Водитель серого "Москвича" стоял у того же дерева, из-под которого вел наблюдение за их квартирой прошлый киллер, так ловко "повязанный" маленьким ментом. Только Атаман смотрел тогда из-за занавески, сверху.
Все повторялось по кругу.
Не успела машина остановиться, как Атаман бросился к Ефиму. Проклятый протез мешал передвигаться быстро. Но даже когда инвалид потянул Ефима за рукав, тот не оглянулся. Шум толпы из двенадцати человек перекрывал его слова.
Надо было просто заорать, но Атаман упустил время. Он оглянулся.
Стрелок был уже недалеко, правда, без оружия в руках, однако это никак не могло обмануть Атамана. Сейчас достанет.
В этот момент наконец оглянулся и Береславский. Атаман увидел страх в глазах своего наставника. Неожиданно ему стало весело. Вот и хорошо, вот и славно! Сейчас он, Атаман, спасет Береславского. Он уже спас Лену, но та женщина, и она даже испугаться не успела. А теперь Атаман спасет своего испуганного вожатого.
Потому что ему, Атаману, теперь уже ничего не страшно.
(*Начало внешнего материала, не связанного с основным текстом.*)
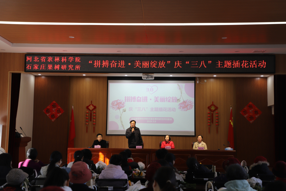2024年3月8日,为庆祝“三八”妇女节,我所妇委会组织开展“拼搏奋进·美丽绽放”主题插花活动。庞昭进所长代表所领导班子向广大在职、离退休女职工致以节日的问候和祝福。随后,女职工在插花老师的指导下,进行了插花创作,有的错落有致,有的花团锦簇,每一件作品都凝结了女职工对生活的热爱和对美的追求。广大女同胞在鲜花和欢笑中度过了一个难忘的节日。
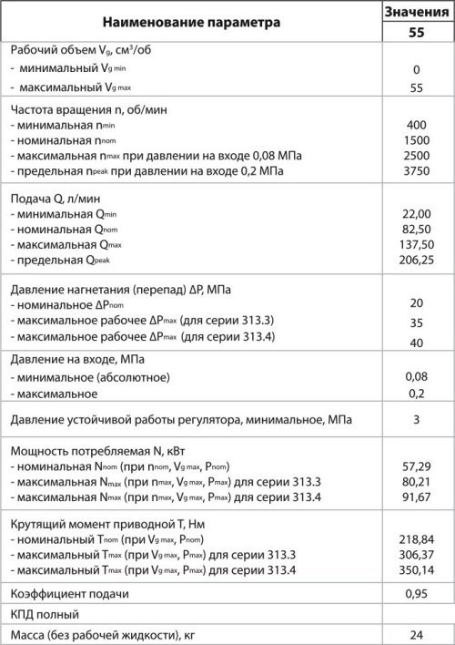 Технические характеристики гидронасоса 313.3.56 :
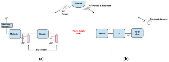 Block diagram of the autonomous connected sensor: (a) Block diagram of the RF energy harvesting and conditioning circuit enhanced with supervisors coupled with charge capacitors; (b) Block diagram of the connected measurement system and UHF RFID reader on the top of the figure.
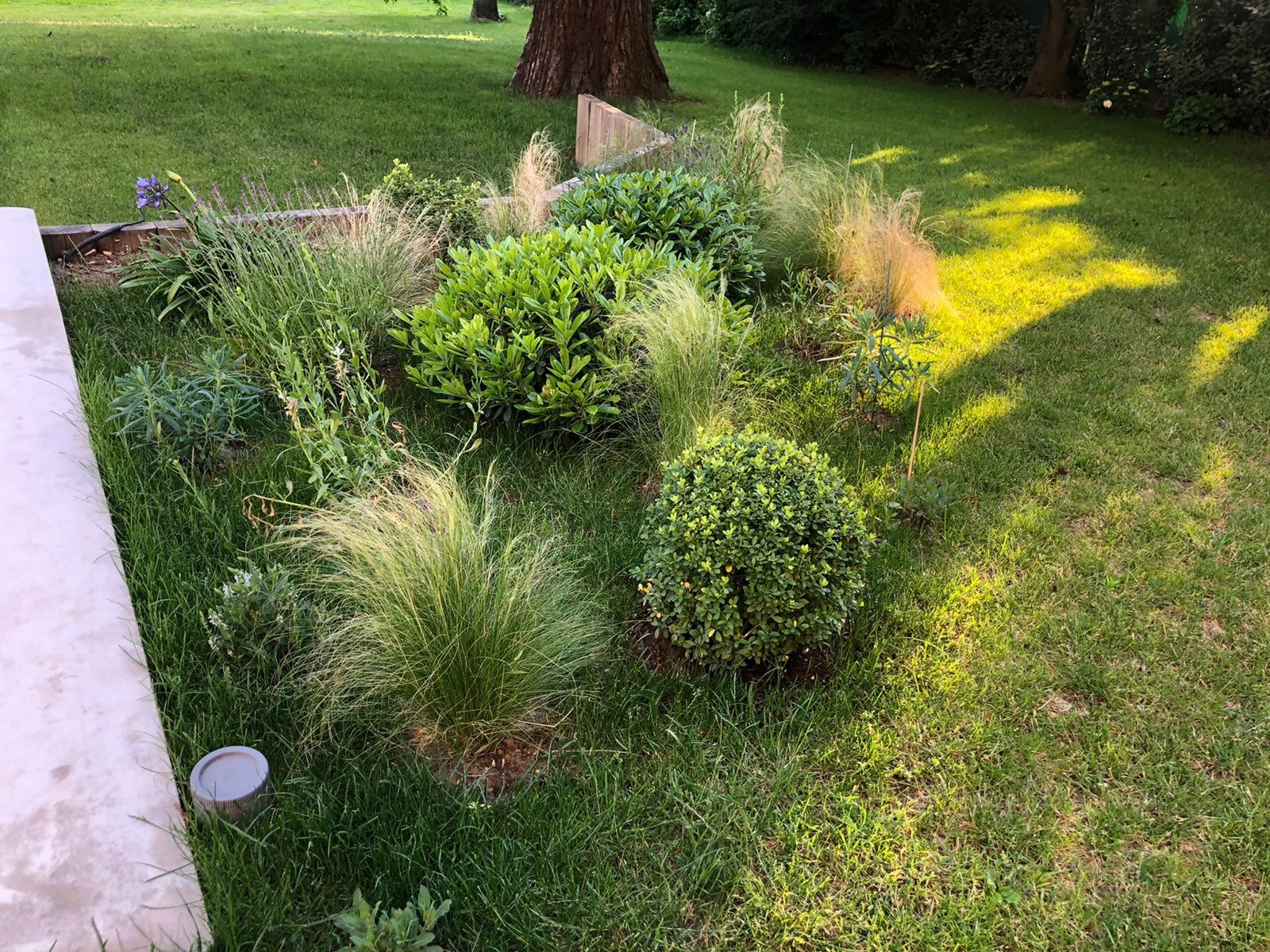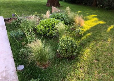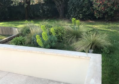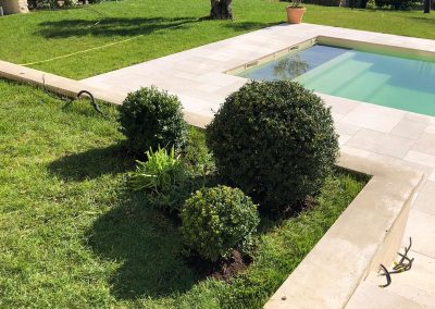 - Deux petits massifs pour mettre en valeur l’arrivée sur les abords de la piscine (pittosporums, lauriers agapanthes)
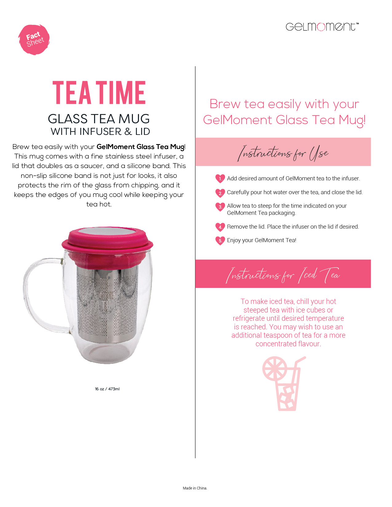 Brew tea easily with your GelMoment Glass Tea Mug! This mug comes with a fine stainless steel infuser, a lid that doubles as a saucer, and a silicone band. This non-slip silicone band is not just for looks, it also protects the rim of the glass from chipping, and it keeps the edges of your mug cool while keeping your tea hot!
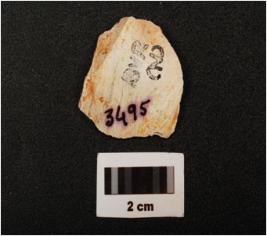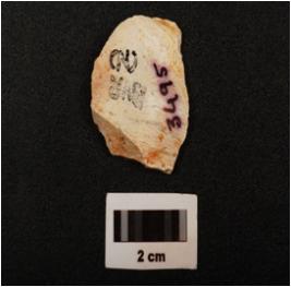 | Description / विवरण | A chert flake with smooth surface and flake scars on dorsal side, prepared platform, bulb on ventral side and use wear marks on edges, |
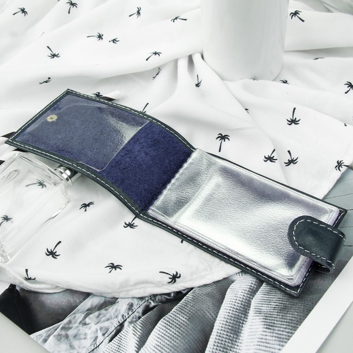 Визитница горизонтальная, 1 ряд, 18 карт, с хлястиком, орфей, цвет синий
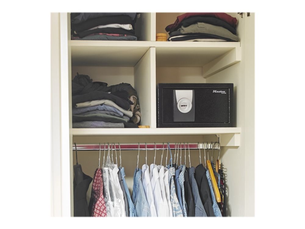 The Master Lock Small Keyed Safe is ideal for protecting small but precious valuables. The high security key helps keep your valuables safe from unauthorized access, while the carpeted floor keeps the content protected from scratching during storage.
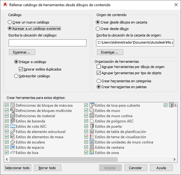 Peligro: Debe tener cuidado al utilizar esta opción, pues suprimirá todo el catálogo existente. Si sólo desea sobrescribir herramientas con las versiones actualizadas de un dibujo de contenido, seleccione en su lugar Enlazar a catálogo, y compruebe que no esté seleccionada la opción Ignorar estilos duplicados.
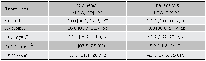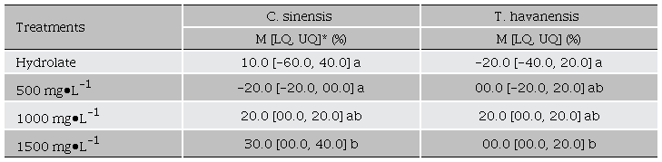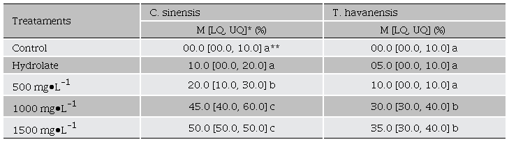The extract and the hydrolate from the C. sinensis peel caused egg mortality between 11.2 % and 17.5 %, with a significant difference compared to the mortality of the control treatment. The highest mortality treatments were with extracts at 1000 and 1500 mg•L-1, and the hydrolate, with a median mortality of 14.4 %, 17.5 %, and 16.0 %, respectively, without difference (p>0.05) between them. Unfortunately, no information was found in the scientific literature on the ovicidal effect of the C. sinensis plant extract on T. urticae or on other mite species. However, its ovicidal effect has been proven in other arthropods such as Callosobruchus maculatus F. (Coleoptera: Bruchidae) and Dermestes maculatus Deg (Coleoptera: Dermestidae) at concentrations lower than 1 % (Don-Padro, 1996).
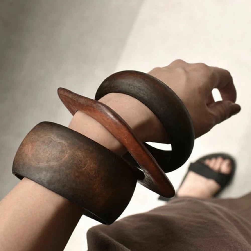 Product information:Color: Wood, black, brown, wide flat bracelet Material: Wooden Style: Original design
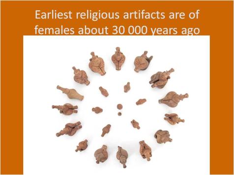 At present the archaeological record shows that the first artefacts to have been made by homo-sapiens about 30 000 years ago, were figurines of pot-bellied, broad hipped women.
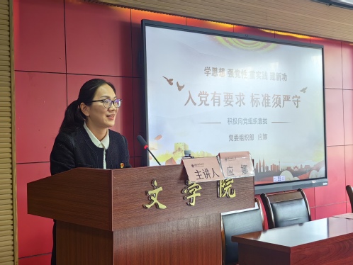 开班典礼结束后,应娜为培训学员讲授“入党有要求,标准须严守”主题党课,她从入党申请要求、党员基本条件、入党积极分子教育考察以及入党流程四个方面展开讲解,引导全体入党积极分子端正入党动机,树立远大理想,锤炼高尚品德,练就过硬本领,肩负时代使命。最后,她预祝每位学员在党校结业时都能学有所获、学有所成、学以致用,期望大家早日成为一名光荣的共产党员。(通讯员:张力、李宝琳)

Он выхватил из кармана нож, заменивший использованную ранее отвертку, и пошел в атаку.
Дальше загрохотали выстрелы: Беланов не счел нужным использовать глушитель, рассчитывая еще и испугать людей. Атаман упал, а киллер бросился бежать и скрылся за углом дома.
Ефим вышел из ступора. Он мотнул головой, сгоняя последнее оцепенение. За его спиной страшно кричала женщина. Он повернулся и, осмотрев рану, легонько стукнул ее по щеке. Женщина вышла из истерики. Рана была неглубокая - оцарапало правое ухо.
Больше пострадавших не было.
Ошеломленный Сашка подбежал к Береславскому.
- Что это было?
- Пришельцы, - зловеще усмехнулся Ефим. - Сейчас мы их будем убивать.
Он бросился к машине, прыгнул за руль. "Ауди" рванула с места, но, объезжая лежащего на асфальте Атамана, Ефим успел крикнуть в открытое окно:
- Про меня - молчите!
Серого "Москвича" Ефим достал практически сразу: тот вынужден был простоять за "хвостом" машин у светофора. Кроме того, Беланову пришлось бежать к автомобилю, а Ефим около него находился.
Береславский, убедившись, что перед ним киллер, пристроился ему в хвост. Сначала был соблазн ударить его сзади, но, поразмыслив, Береславский понял, что киллер просто выскочит из машины, а на свои силы в беге Ефим особо не рассчитывал.
И еще одно, может быть, основное соображение не давало ему устроить потасовку в городе. Ефиму очень хотелось убить этого человека. А безнаказанно это можно сделать только в безлюдном месте.
Аналогичные мысли кружились в голове Беланова. Оттащить бы этого фраера подальше и кончить!
Связанные одной нитью, две машины плавно следовали к выезду из города. Не вызвав подозрений, проехали пост на кольцевой дороге и двинулись по ней в сторону Горьковского шоссе.
Беланов подготовил фраеру сюрприз: на скромном "Москвиче" стоял ухоженный двухлитровый мотор "Рено", и в умелых руках этот аппарат развивал скорость в 190 километров в час.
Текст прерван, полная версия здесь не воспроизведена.